• _Given information_:
* * *

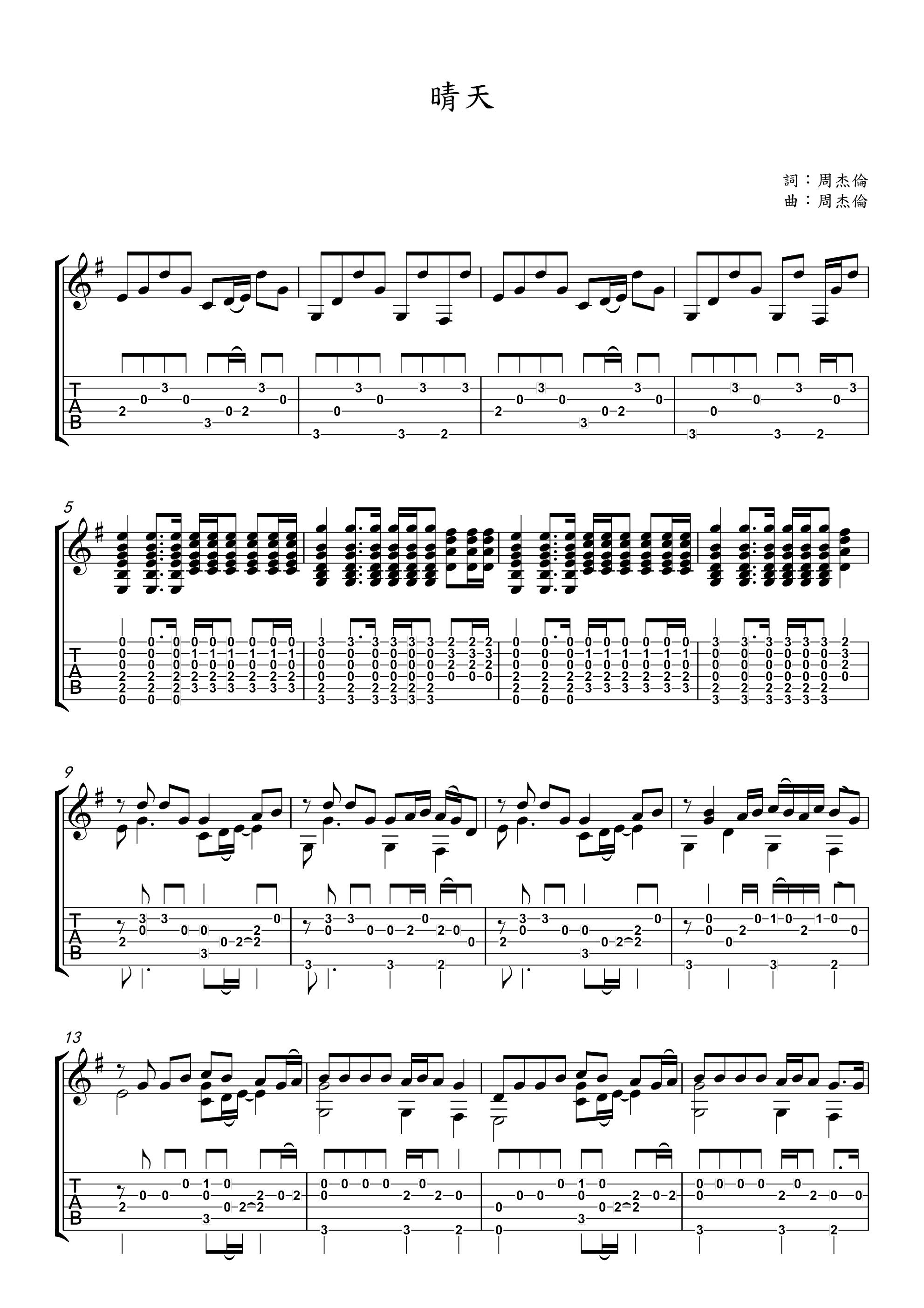 吉他谱 | 经典指弹《晴天》
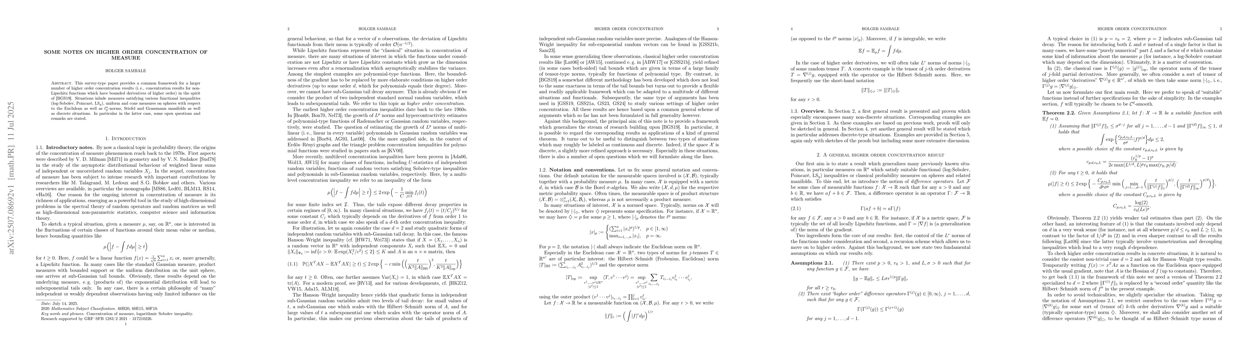 This survey-type paper provides a common framework for a larger number of higher order concentration results (i.\,e., concentration results for non-Lipschitz functions which have bounded derivatives of higher order) in the spirit of Bobkov--G\"otze--Sambale (2019). Situations inlude measures satisfying various functional inequalities (log-Sobolev, Poincar\'{e}, $\mathrm{LS}_q$), uniform and cone measures on spheres with respect to the Euclidean as well as $\ell_p^n$-norms, Stiefel and Grassmann manifolds as well as discrete situations. In particular in the latter case, some open questions and remarks are stated.
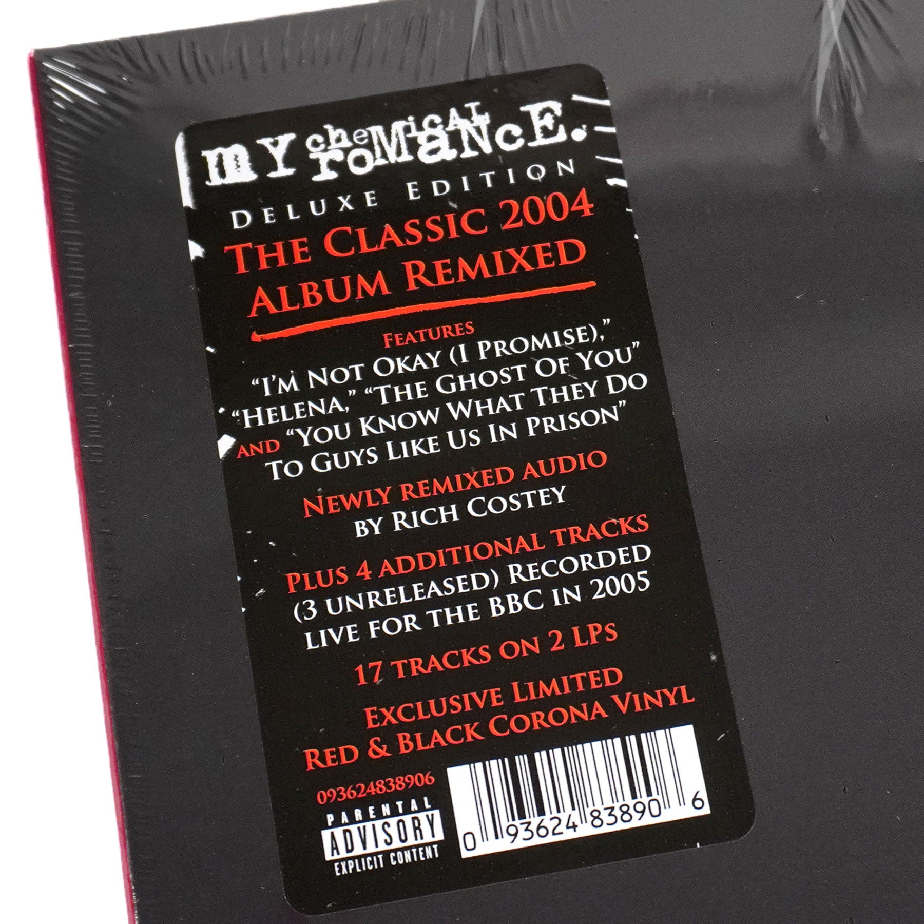 "My Chemical Romance’s Three Cheers For Sweet Revenge (Deluxe Edition) available on 2LP Indie/D2C Exclusive Red & Black Corona Vinyl. The entire 13-track album has been remixed by Rich Costey and packaged in brand new artwork. Additionally, four bonus tracks recorded for BBC in 2005 have been included. Three of the bonus tracks are previously unreleased live versions of 'I'm Not Okay (I Promise),' 'Helena,' and 'The Ghost Of You.' The fourth bonus track is a live version of 'You Know What They Do To Guys Like Us In Prison'." - Reprise
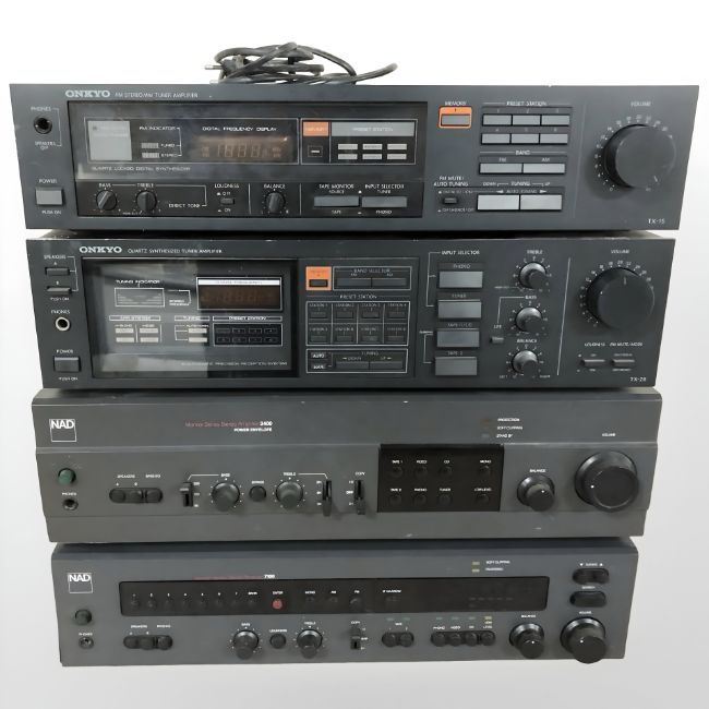 A MAD monitor stereo series amplifier MD300, stereo receiver 7100 and an Aonkio quartz synthesizer tuner amplifier TX/26 and stereo AM tuner amplifier TN/15 (continental wiring)
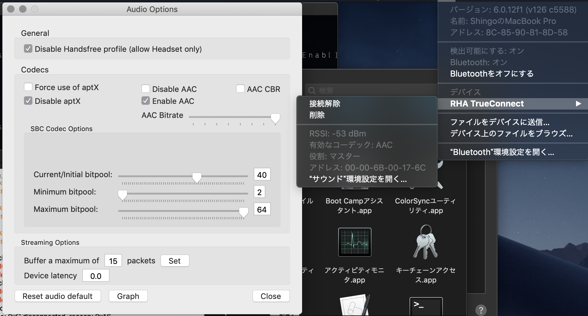 Bluetooth explorerを使用し、AACコーデックに対応させることには成功したのですが、
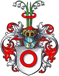 Blasonierung: In Silber ein roter Ring. Auf dem Helm mit rot-silbernen Helmdecken zwei grüne Stauden mit je drei silbernen Blumen (Maiglöckchen) von dem Ring zusammengehalten.[1]
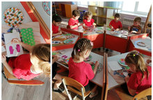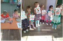 Рисование — самый популярный среди детей вид изобразительной деятельности, в ходе которого с помощью красящих материалов создаются изображения окружающей действительности. Оно знакомит детей с окружающим миром, формирует эстетический вкус, развивает креативность.Дети младшей группы украшали платье для куклы./ Рәсем-рәсем ясау-рәсем ясау эшчәнлегенең иң популяр төре, аның барышында буяу материаллары ярдәмендә әйләнә-тирә чынбарлыкның сурәтләре барлыкка килә. Ул балаларны әйләнә-тирә дөнья белән таныштыра, эстетик зәвык формалаштыра, креативлыкны үстерә. Кече төркем балалары курчаклар өчен күлмәк бизәделәр.
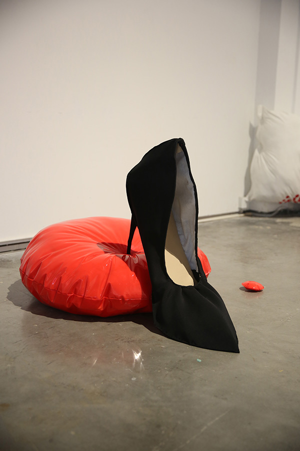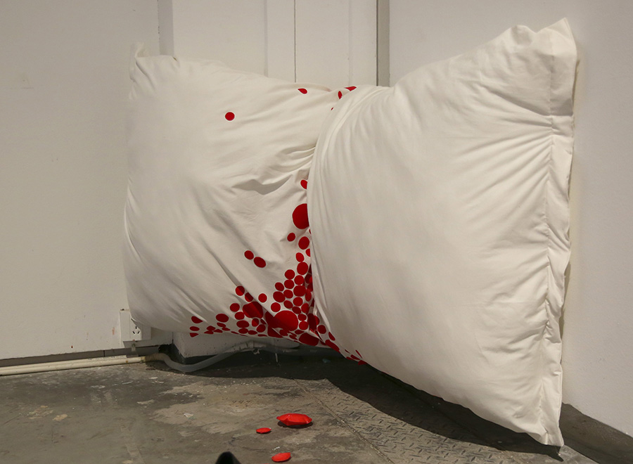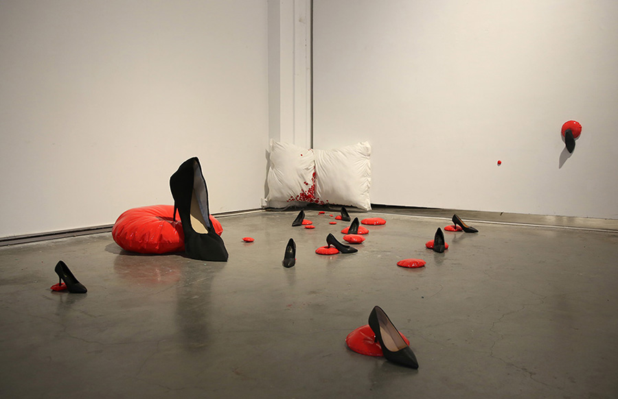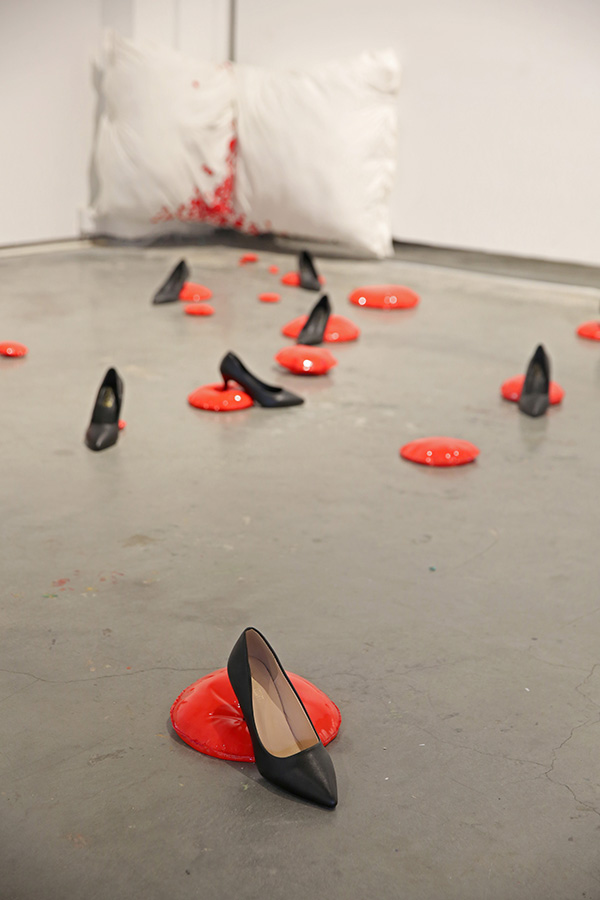 作为社会中的个体之一,每天都会接触到大量的讯息,但其中只有一小部分与自己有关,可是贴心的手机上接连不断的红色圆点却会提醒着我们去不断接收。 在这件作品中我将“红色圆点”这一符号提炼出。被大量的红色圆点包围着的生活,充满了新鲜的资讯,我们甚至可能因此不分昼夜地刷着手机,然而其在带给我们娱乐与新讯息的同时,似乎也为我们带来了源源不断的焦虑。高跟鞋在这件作品中是一个女性的身份与反抗的隐喻,通过鞋跟对圆点的挤压,似乎我们将其击垮了,焦虑也得到了缓解。然而,问题解决了吗?我们到底该如何消解我们的焦虑?

* * *

• _Exercise directions_: Each line from the one holding "A MAD monitor" through the last line of the records above must be duplicated exactly, and pictures must not be.

• _Written response_:
 A MAD monitor stereo series amplifier MD300, stereo receiver 7100 and an Aonkio quartz synthesizer tuner amplifier TX/26 and stereo AM tuner amplifier TN/15 (continental wiring)
 Bluetooth explorerを使用し、AACコーデックに対応させることには成功したのですが、
 Blasonierung: In Silber ein roter Ring. Auf dem Helm mit rot-silbernen Helmdecken zwei grüne Stauden mit je drei silbernen Blumen (Maiglöckchen) von dem Ring zusammengehalten.[1]
 Рисование — самый популярный среди детей вид изобразительной деятельности, в ходе которого с помощью красящих материалов создаются изображения окружающей действительности. Оно знакомит детей с окружающим миром, формирует эстетический вкус, развивает креативность.Дети младшей группы украшали платье для куклы./ Рәсем-рәсем ясау-рәсем ясау эшчәнлегенең иң популяр төре, аның барышында буяу материаллары ярдәмендә әйләнә-тирә чынбарлыкның сурәтләре барлыкка килә. Ул балаларны әйләнә-тирә дөнья белән таныштыра, эстетик зәвык формалаштыра, креативлыкны үстерә. Кече төркем балалары курчаклар өчен күлмәк бизәделәр.
 作为社会中的个体之一,每天都会接触到大量的讯息,但其中只有一小部分与自己有关,可是贴心的手机上接连不断的红色圆点却会提醒着我们去不断接收。 在这件作品中我将“红色圆点”这一符号提炼出。被大量的红色圆点包围着的生活,充满了新鲜的资讯,我们甚至可能因此不分昼夜地刷着手机,然而其在带给我们娱乐与新讯息的同时,似乎也为我们带来了源源不断的焦虑。高跟鞋在这件作品中是一个女性的身份与反抗的隐喻,通过鞋跟对圆点的挤压,似乎我们将其击垮了,焦虑也得到了缓解。然而,问题解决了吗?我们到底该如何消解我们的焦虑?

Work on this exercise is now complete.